Human nature is such that all of us, however great or limited our competence and power, will sometimes fail the test when offered material gain for some compromise. But the whole point of sport, remember, is that it holds up the mirror to life. If the prize is big enough, there will always be people out there prepared to win at any price.
And actually that's why we have regulation. That's why, for instance, we need rigorous control of the spectrum where medication, ostensibly devised and prescribed on welfare grounds, drifts into the pharmaceutical stimulation of performance.

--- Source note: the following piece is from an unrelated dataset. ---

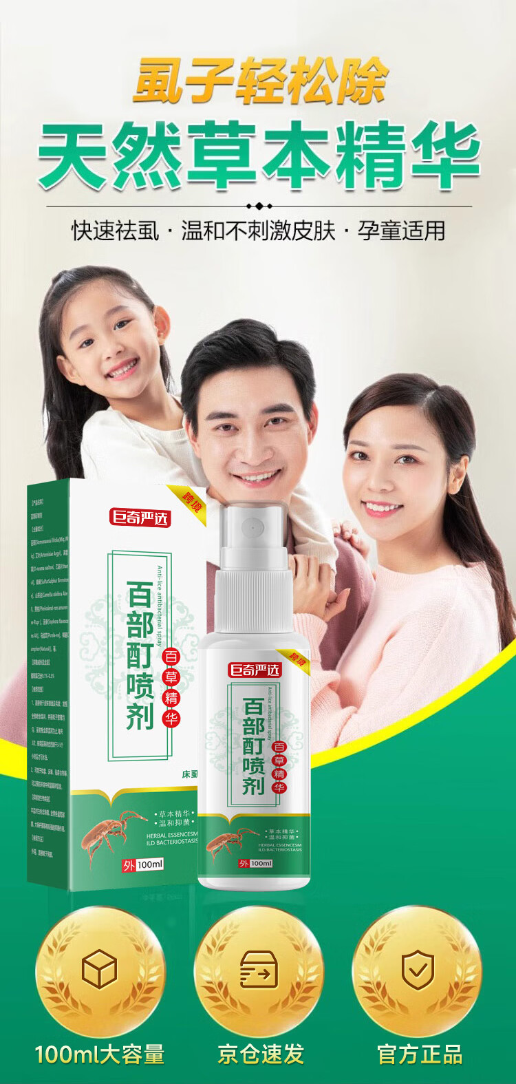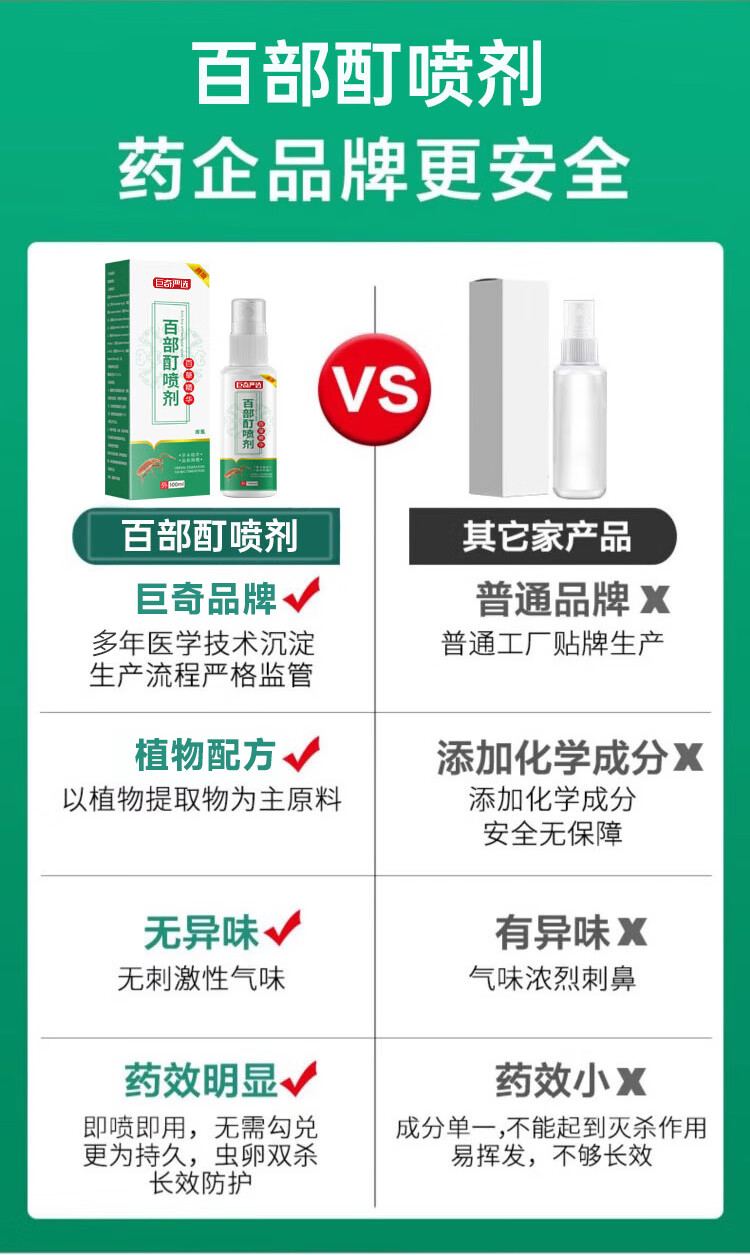 巨奇祥医堂百部酊虱子药头虱去除虱卵阴虱男女私处立净抑菌喷剂100ml

That drift can be so gradual, so barely perceptible, that the protagonists often maintain absolute conviction of their innocence. Quite where poor Medina Spirit fell, on this spectrum, will doubtless remain subject to indefatigable litigation. In the meantime his trainer has a chance to take Mandaloun down a peg or two with Country Grammer (Tonalist).

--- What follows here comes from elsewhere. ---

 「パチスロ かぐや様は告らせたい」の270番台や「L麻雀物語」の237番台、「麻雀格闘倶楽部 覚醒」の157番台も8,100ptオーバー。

As it happens, this horse is an East Coast migrant to the Bob Baffert barn. There's no sign yet of any of his sophomore barnmates, being prohibited from earning Derby points, making that journey in reverse. As a result, Newgrange (Violence) will pass up 50 points if he wins the GII Rebel S., back at Oaklawn on Saturday, which is beginning to feel pretty serious.
Now nobody could sensibly pretend that Medina Spirit's positive test revealed a trainer prepared to win at any price. And it's absolutely his prerogative to fight his corner. But if Baffert is implicitly prepared to encourage his patrons to sit out the Derby, as though to pass some public test of character and fidelity, then he should think about the wider consequences.
It's not as though he would never again be sent a million-dollar yearling if he decided, for the good of the game, to take his 90 days on the chin and let everyone reset. Who knows, the break might even do him good, after all the stress he has undoubtedly endured over the last year.
As it is, in holding out so grimly, maybe he thinks he can diminish the Derby if two or three of the likely favorites are instead standing idle in their stalls in California on the first Saturday in May. Especially if he can pounce on the winner in the Preakness with a fresh horse.
The trouble with that mindset is that it makes Baffert bigger than the Derby. It would imply that he would rather come out of all this in front, even if all the mainstream coverage in Derby week, such vital oxygen for our sport, is consumed by the guy who isn't there, rather than those horses that enter the gate bearing the hopes and dreams of so many others in his community; even if the sport continues to be dragged through months and years of damaging courtroom headlines; even if each of “his” horses represent not just the investment of his wealthy patrons, but the life's work of their breeders and various others who have contributed to their development.
But you know what that looks like? That looks like someone who wants to win at any price. And I don't say that because he used some damned ointment.